The how, why and benefits of synthetic smart meter data
Synthetic smart meter data has all the benefits of real data while protecting the privacy of customers, Gareth Jones, COO of the London-based Centre for Net Zero says.

Synthetic smart meter data has all the benefits of real data while protecting the privacy of customers, says Gareth Jones, COO of the London-based Centre for Net Zero.
Data is all-important in today’s energy sector, particularly smart meter data. It tells us how all the electricity – and similarly other utilities such as gas and water – that is produced is being used.

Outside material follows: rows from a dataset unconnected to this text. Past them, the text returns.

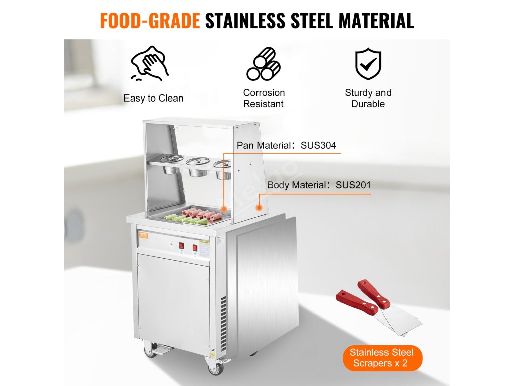 Stroj na smaženou zmrzlinu se dodává se 2 nerezovými škrabkami na led s dřevěnými rukojeťmi a čepelemi z nerezové oceli. Díky 3 kbelíkům na ingredience s víčky, 1 ořezávači a 250ml odměrce hladce doplní vaši práci a zvýší efektivitu a pohodlí.
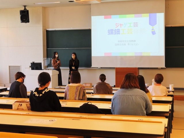 今回の体験会は、本学部の国際コミュニケーションコースで韓国語を学ぶ学生向けに、コロナ禍で留学や国際交流の機会が少ない中、韓国文化に対する理解を深めてもらうため、島根県国際交流員のイ・ジョンヒョンさんにご協力いただき、実施しました。
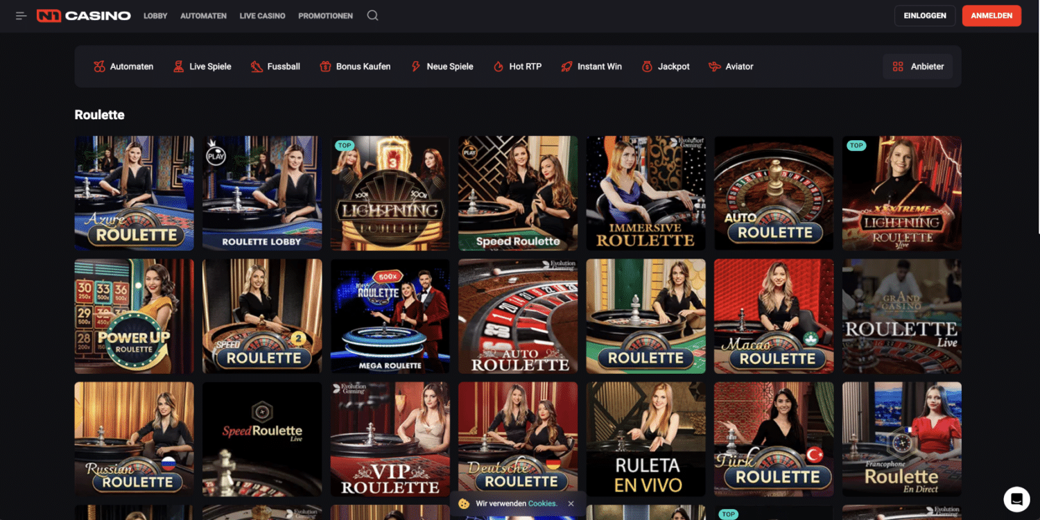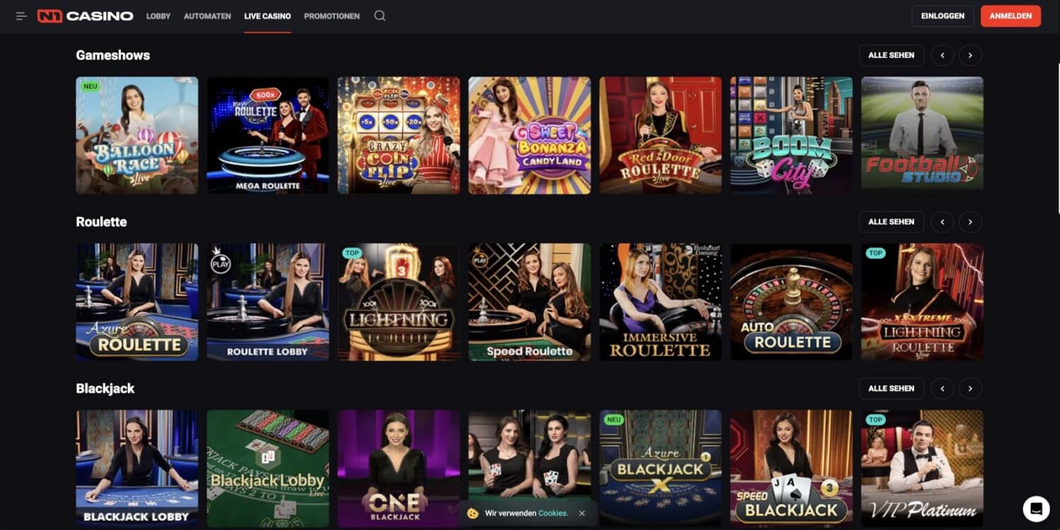 Das Live Casino des N1 Casino bringt die Aufregung eines echten Casinos direkt auf Ihren Bildschirm. Betrieben wird es von renommierten Softwareanbietern wie Evolution Gaming, Pragmatic Play Live, Authentic Gaming, Playtech, Play’n Go und SWINTT.
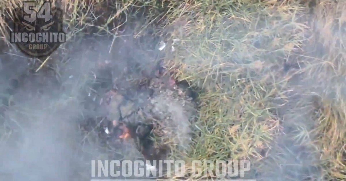 Як повідомляє Цензор.НЕТ, окупанта було ліквідовано точним скиданням боєприпасу з дрона. Мертвий загарбник так і залишився лежати, заплутаним у траві.

Long gone are the days when such data was used only for billing. Now it is opening the way for multiple other use cases from the delivery of flexibility to long term grid planning.
An individual’s data has limited value, but when aggregated – whether on the scale of a utility service area or country – it can become an essential input to the applicable planning process.
This in essence is the motivation for ‘open data’ and ‘data spaces’ where data from multiple sources can be made available for use by bona fide parties for their intended purpose.
Key in this is that all privacy requirements are met to safeguard the confidentiality of the customers.
One approach that has been used is anonymising the data, but there also is growing interest in the use of synthetic data. To find out more, Gareth Jones, COO of the Octopus Energy-powered Centre for Net Zero, which leverages data to accelerate the energy transition, gives some insights.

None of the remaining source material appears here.